[Records excerpted from a collection]
--------

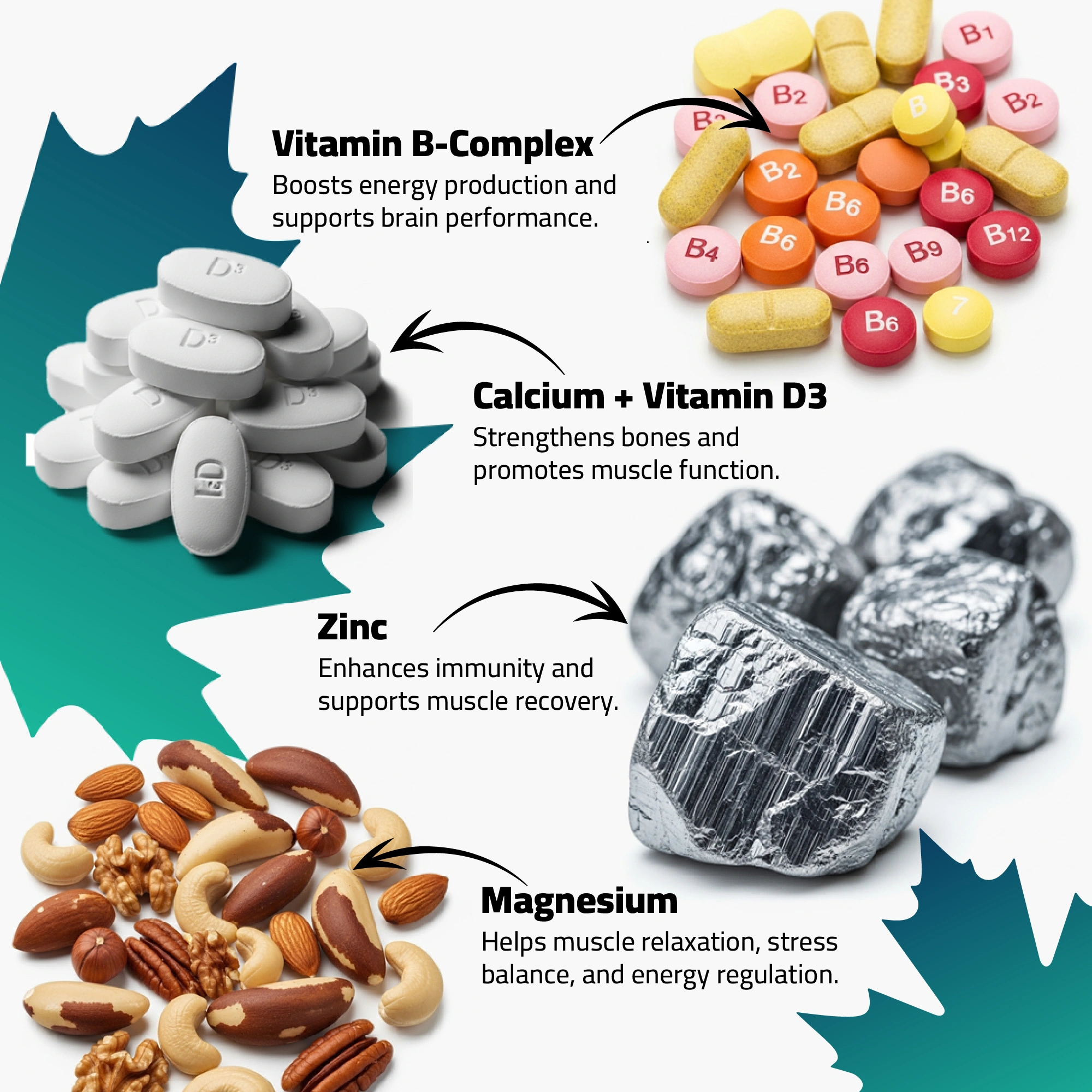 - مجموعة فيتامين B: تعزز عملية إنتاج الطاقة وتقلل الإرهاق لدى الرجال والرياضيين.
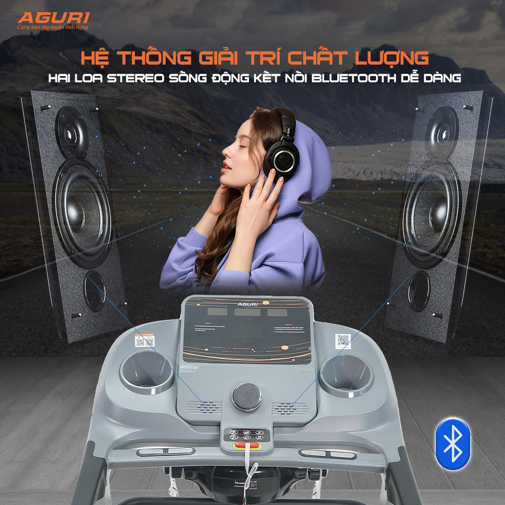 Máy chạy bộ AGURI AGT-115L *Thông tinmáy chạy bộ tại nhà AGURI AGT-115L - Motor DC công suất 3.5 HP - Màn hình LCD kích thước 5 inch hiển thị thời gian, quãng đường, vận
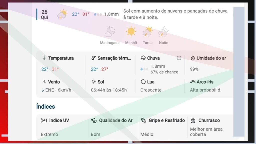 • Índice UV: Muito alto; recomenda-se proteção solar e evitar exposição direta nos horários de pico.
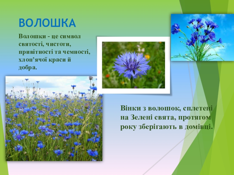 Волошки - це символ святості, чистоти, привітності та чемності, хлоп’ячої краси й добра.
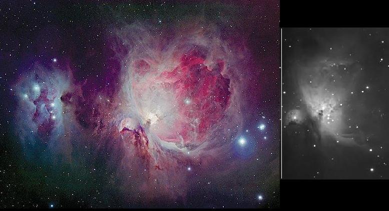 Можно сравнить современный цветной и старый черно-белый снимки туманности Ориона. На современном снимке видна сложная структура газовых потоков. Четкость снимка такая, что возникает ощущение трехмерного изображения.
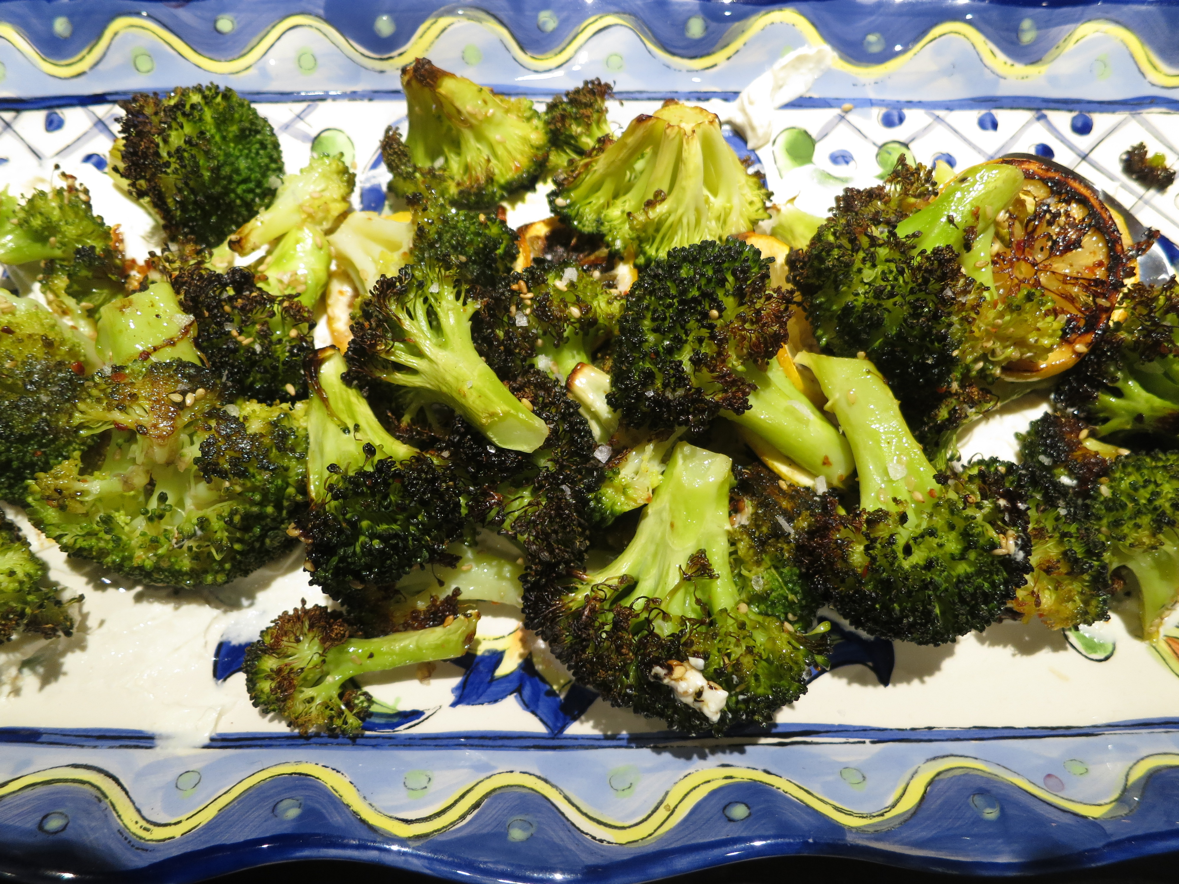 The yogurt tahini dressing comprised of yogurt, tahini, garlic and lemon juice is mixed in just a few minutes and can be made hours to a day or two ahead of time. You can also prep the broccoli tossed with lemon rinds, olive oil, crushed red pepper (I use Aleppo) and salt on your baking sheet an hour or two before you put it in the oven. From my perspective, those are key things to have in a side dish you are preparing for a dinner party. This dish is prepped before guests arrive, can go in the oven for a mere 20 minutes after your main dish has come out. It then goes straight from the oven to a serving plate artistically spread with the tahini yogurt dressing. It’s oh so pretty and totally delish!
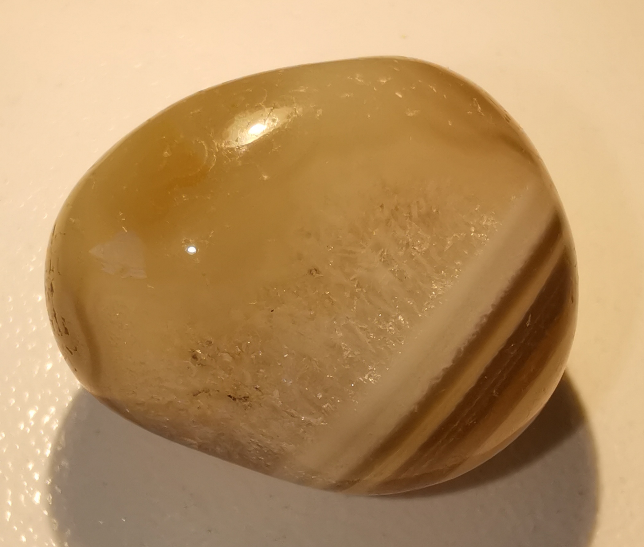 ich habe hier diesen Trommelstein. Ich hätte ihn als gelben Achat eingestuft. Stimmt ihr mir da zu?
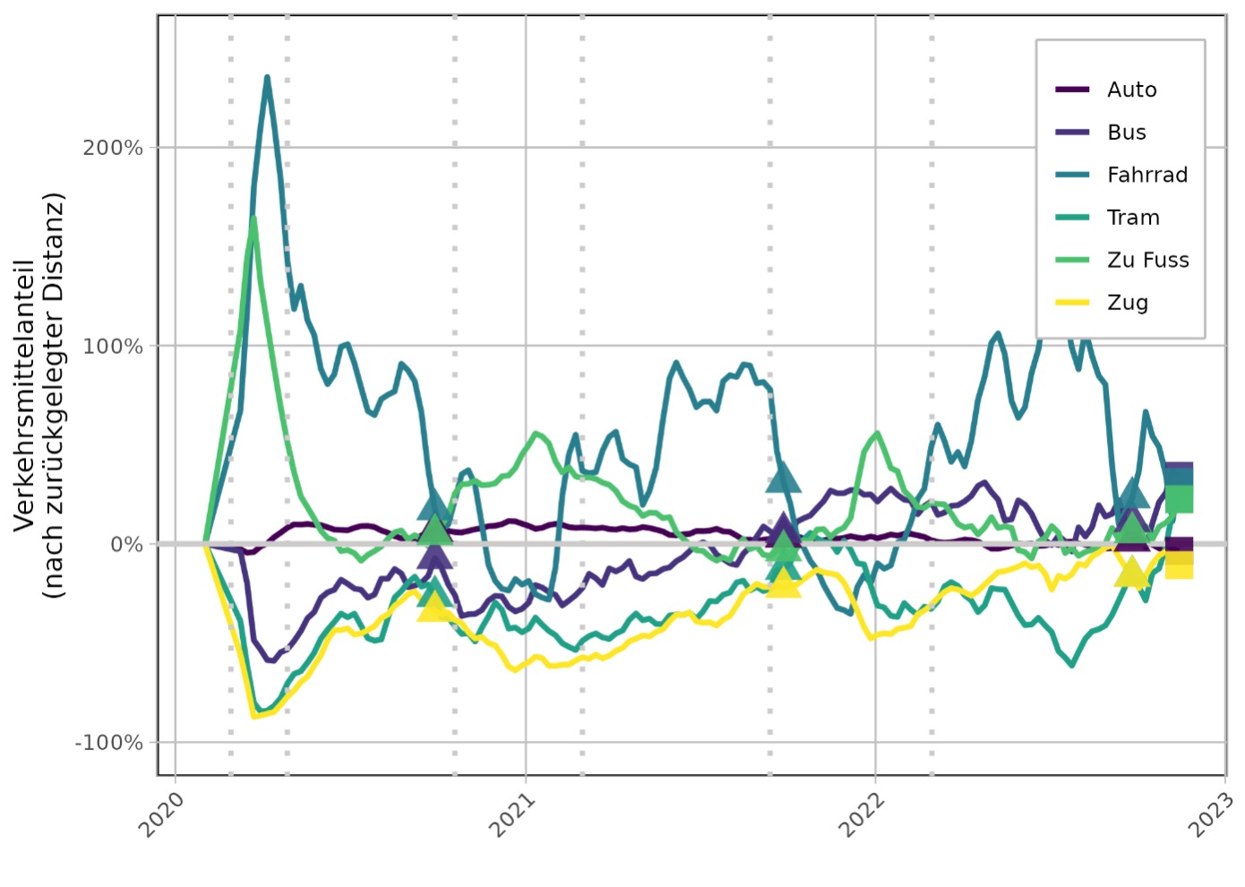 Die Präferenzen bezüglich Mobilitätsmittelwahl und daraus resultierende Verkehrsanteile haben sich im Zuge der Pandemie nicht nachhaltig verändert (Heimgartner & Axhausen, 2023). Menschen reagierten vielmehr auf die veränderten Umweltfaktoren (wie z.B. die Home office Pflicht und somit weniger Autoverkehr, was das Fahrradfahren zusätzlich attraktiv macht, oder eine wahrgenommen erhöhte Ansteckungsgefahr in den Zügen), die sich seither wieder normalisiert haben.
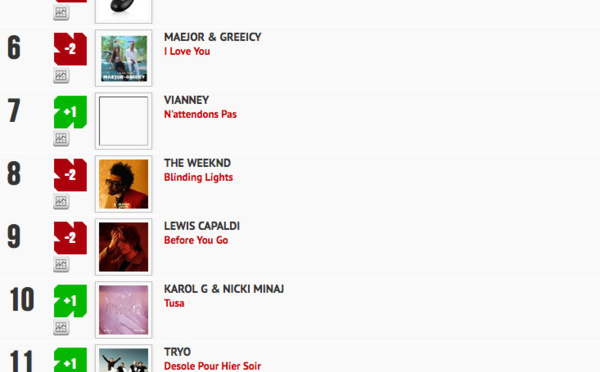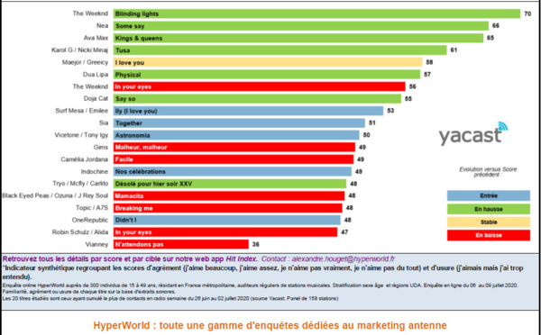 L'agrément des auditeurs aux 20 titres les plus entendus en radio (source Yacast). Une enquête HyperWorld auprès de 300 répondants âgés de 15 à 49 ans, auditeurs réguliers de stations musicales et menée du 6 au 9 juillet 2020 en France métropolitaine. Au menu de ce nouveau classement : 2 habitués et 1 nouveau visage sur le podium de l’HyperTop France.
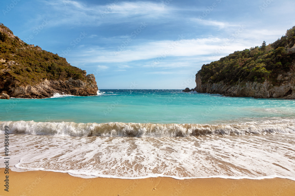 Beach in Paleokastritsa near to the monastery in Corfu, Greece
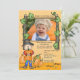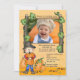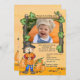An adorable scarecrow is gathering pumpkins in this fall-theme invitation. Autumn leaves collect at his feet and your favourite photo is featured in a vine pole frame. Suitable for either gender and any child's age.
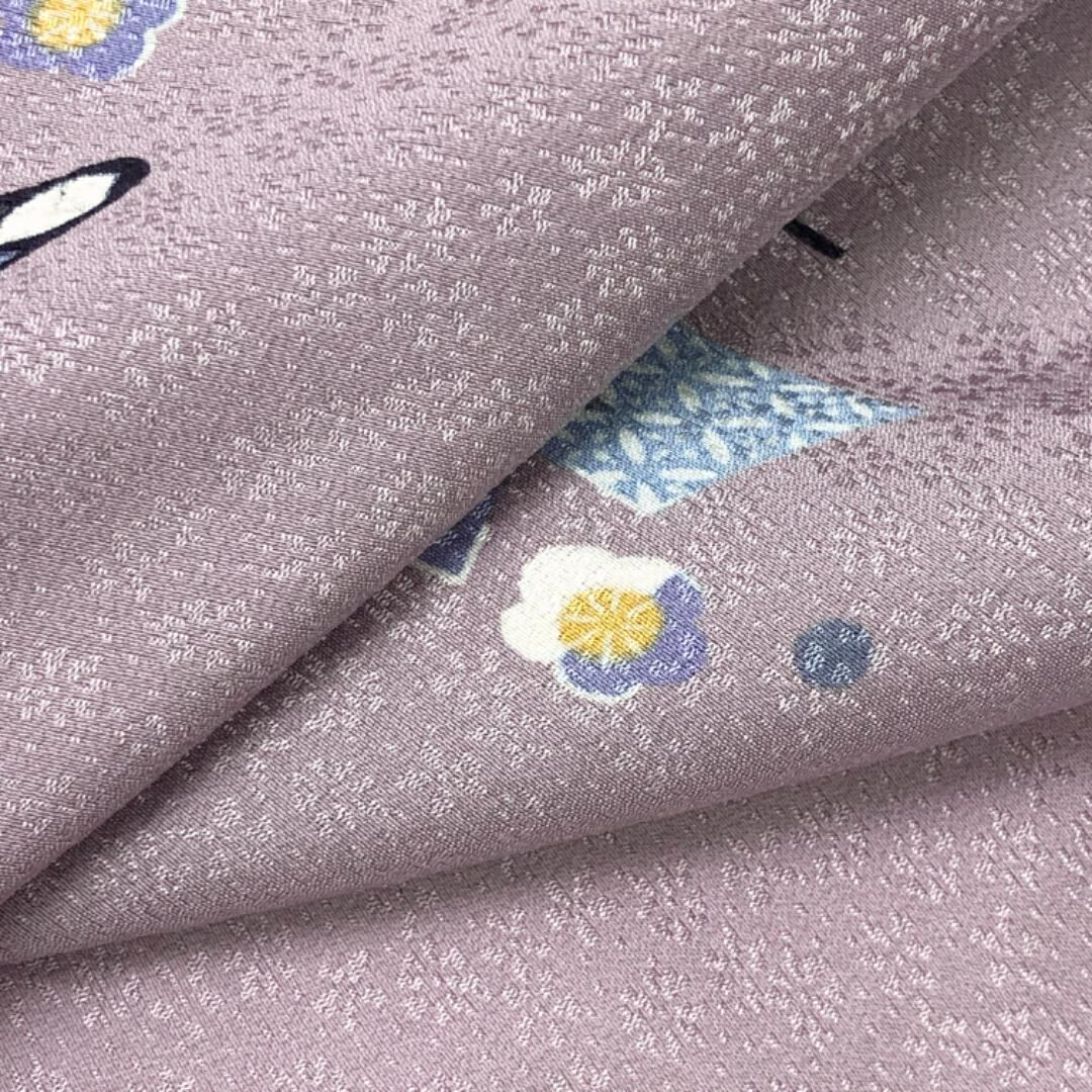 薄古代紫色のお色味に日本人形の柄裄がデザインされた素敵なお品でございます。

--------

■ **Task description**: Output all the records above exactly, but without their images.

■ **Result of the exercise**:
 - مجموعة فيتامين B: تعزز عملية إنتاج الطاقة وتقلل الإرهاق لدى الرجال والرياضيين.
 Máy chạy bộ AGURI AGT-115L *Thông tinmáy chạy bộ tại nhà AGURI AGT-115L - Motor DC công suất 3.5 HP - Màn hình LCD kích thước 5 inch hiển thị thời gian, quãng đường, vận
 • Índice UV: Muito alto; recomenda-se proteção solar e evitar exposição direta nos horários de pico.
 Волошки - це символ святості, чистоти, привітності та чемності, хлоп’ячої краси й добра.
 Можно сравнить современный цветной и старый черно-белый снимки туманности Ориона. На современном снимке видна сложная структура газовых потоков. Четкость снимка такая, что возникает ощущение трехмерного изображения.
 The yogurt tahini dressing comprised of yogurt, tahini, garlic and lemon juice is mixed in just a few minutes and can be made hours to a day or two ahead of time. You can also prep the broccoli tossed with lemon rinds, olive oil, crushed red pepper (I use Aleppo) and salt on your baking sheet an hour or two before you put it in the oven. From my perspective, those are key things to have in a side dish you are preparing for a dinner party. This dish is prepped before guests arrive, can go in the oven for a mere 20 minutes after your main dish has come out. It then goes straight from the oven to a serving plate artistically spread with the tahini yogurt dressing. It’s oh so pretty and totally delish!
 ich habe hier diesen Trommelstein. Ich hätte ihn als gelben Achat eingestuft. Stimmt ihr mir da zu?
 Die Präferenzen bezüglich Mobilitätsmittelwahl und daraus resultierende Verkehrsanteile haben sich im Zuge der Pandemie nicht nachhaltig verändert (Heimgartner & Axhausen, 2023). Menschen reagierten vielmehr auf die veränderten Umweltfaktoren (wie z.B. die Home office Pflicht und somit weniger Autoverkehr, was das Fahrradfahren zusätzlich attraktiv macht, oder eine wahrgenommen erhöhte Ansteckungsgefahr in den Zügen), die sich seither wieder normalisiert haben.
 L'agrément des auditeurs aux 20 titres les plus entendus en radio (source Yacast). Une enquête HyperWorld auprès de 300 répondants âgés de 15 à 49 ans, auditeurs réguliers de stations musicales et menée du 6 au 9 juillet 2020 en France métropolitaine. Au menu de ce nouveau classement : 2 habitués et 1 nouveau visage sur le podium de l’HyperTop France.
 Beach in Paleokastritsa near to the monastery in Corfu, Greece
An adorable scarecrow is gathering pumpkins in this fall-theme invitation. Autumn leaves collect at his feet and your favourite photo is featured in a vine pole frame. Suitable for either gender and any child's age.
 薄古代紫色のお色味に日本人形の柄裄がデザインされた素敵なお品でございます。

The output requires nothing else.